● THE RECORDS
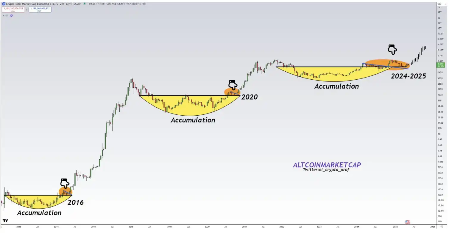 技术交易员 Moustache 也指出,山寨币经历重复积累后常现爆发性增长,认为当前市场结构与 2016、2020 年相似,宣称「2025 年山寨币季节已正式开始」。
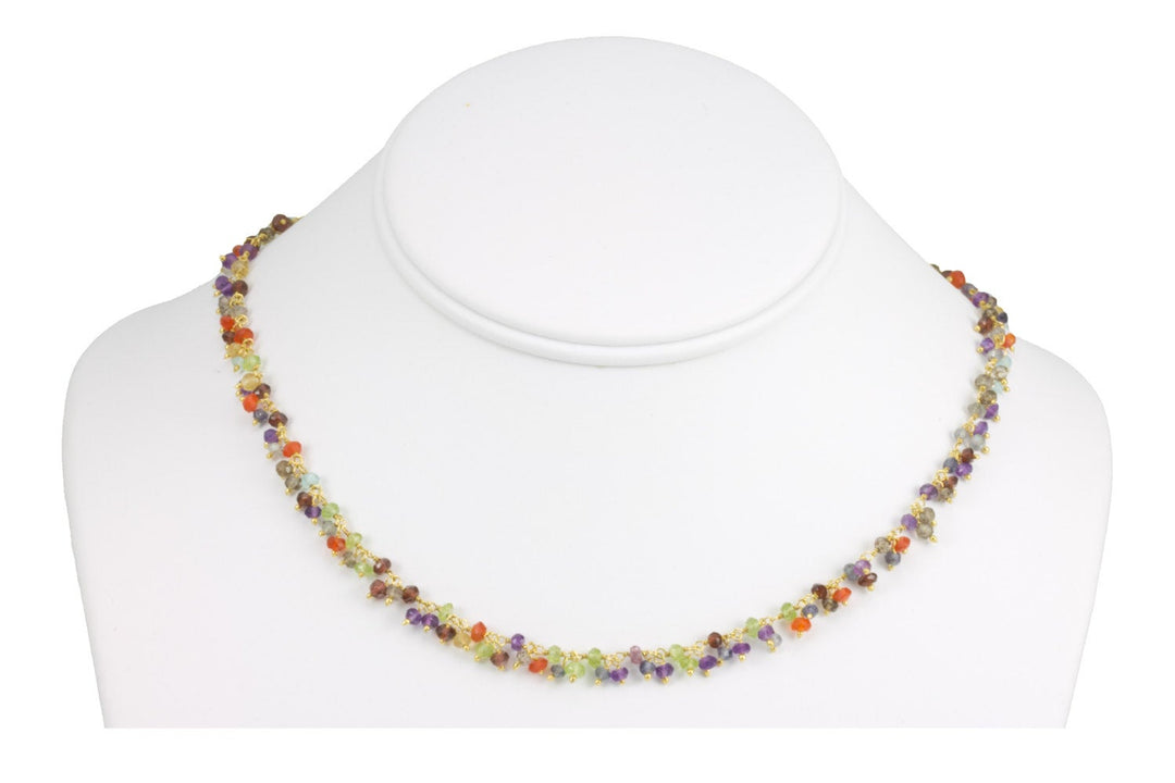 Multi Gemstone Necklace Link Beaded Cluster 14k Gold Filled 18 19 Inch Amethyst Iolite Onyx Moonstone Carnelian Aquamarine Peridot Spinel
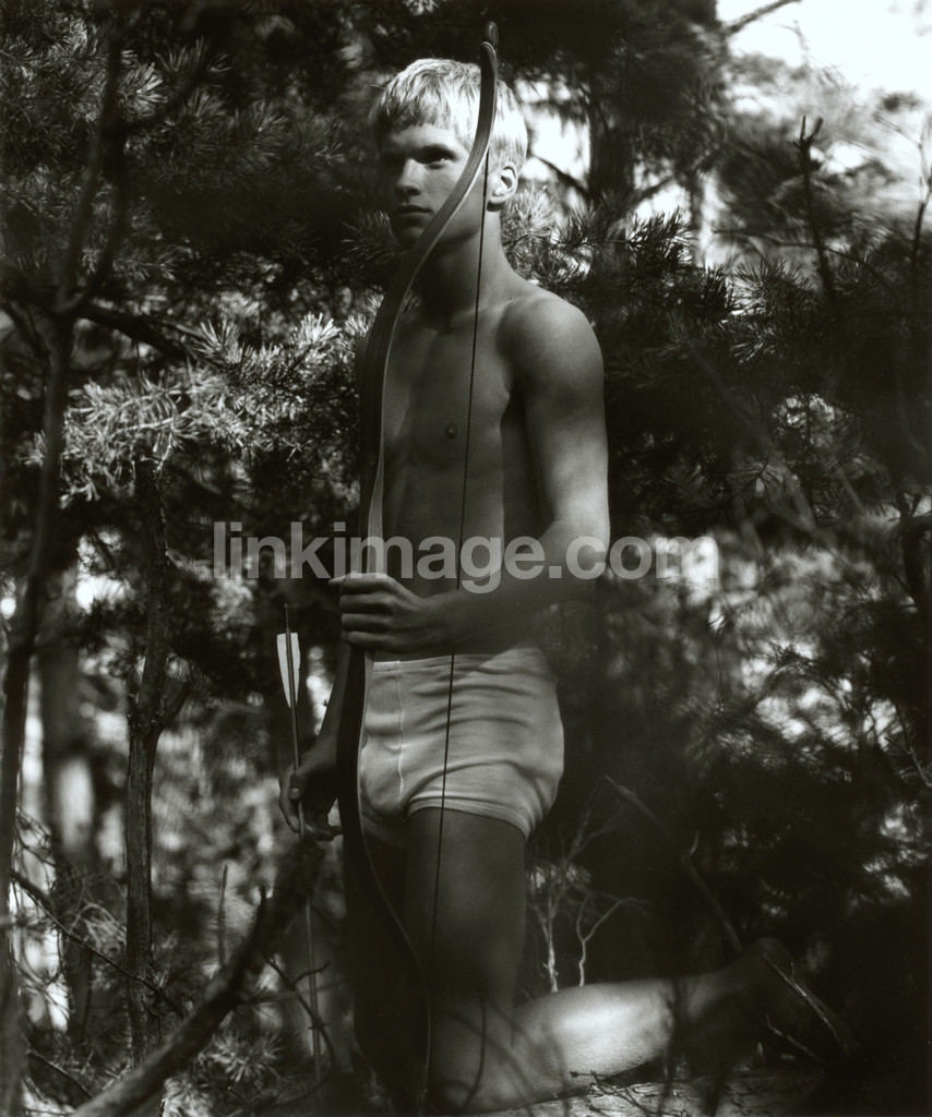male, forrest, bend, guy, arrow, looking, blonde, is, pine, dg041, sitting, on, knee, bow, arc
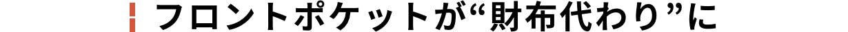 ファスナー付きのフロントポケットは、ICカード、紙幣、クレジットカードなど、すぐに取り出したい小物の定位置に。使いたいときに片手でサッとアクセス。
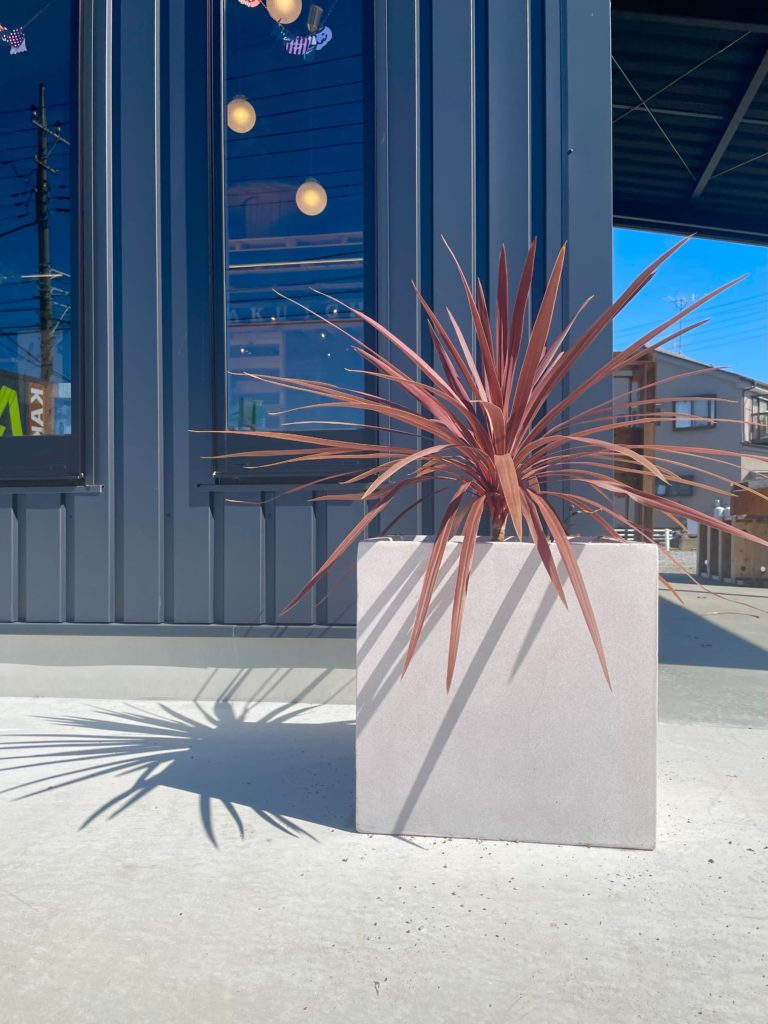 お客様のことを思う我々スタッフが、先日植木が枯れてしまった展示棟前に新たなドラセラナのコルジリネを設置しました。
==
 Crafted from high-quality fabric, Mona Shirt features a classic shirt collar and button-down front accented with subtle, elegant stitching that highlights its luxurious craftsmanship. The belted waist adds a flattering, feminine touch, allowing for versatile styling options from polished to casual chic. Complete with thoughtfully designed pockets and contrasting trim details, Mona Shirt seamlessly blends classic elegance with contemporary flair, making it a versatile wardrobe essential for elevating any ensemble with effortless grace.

● WHAT YOU SHOULD DO
Output exactly the stretch of the listing that begins at the line containing "knee, bow, arc" and ends at the line containing "お客様のことを思う我々スタッ", both kept. Omit pictures and everything else.

● RESPONSE
male, forrest, bend, guy, arrow, looking, blonde, is, pine, dg041, sitting, on, knee, bow, arc
 ファスナー付きのフロントポケットは、ICカード、紙幣、クレジットカードなど、すぐに取り出したい小物の定位置に。使いたいときに片手でサッとアクセス。
 お客様のことを思う我々スタッフが、先日植木が枯れてしまった展示棟前に新たなドラセラナのコルジリネを設置しました。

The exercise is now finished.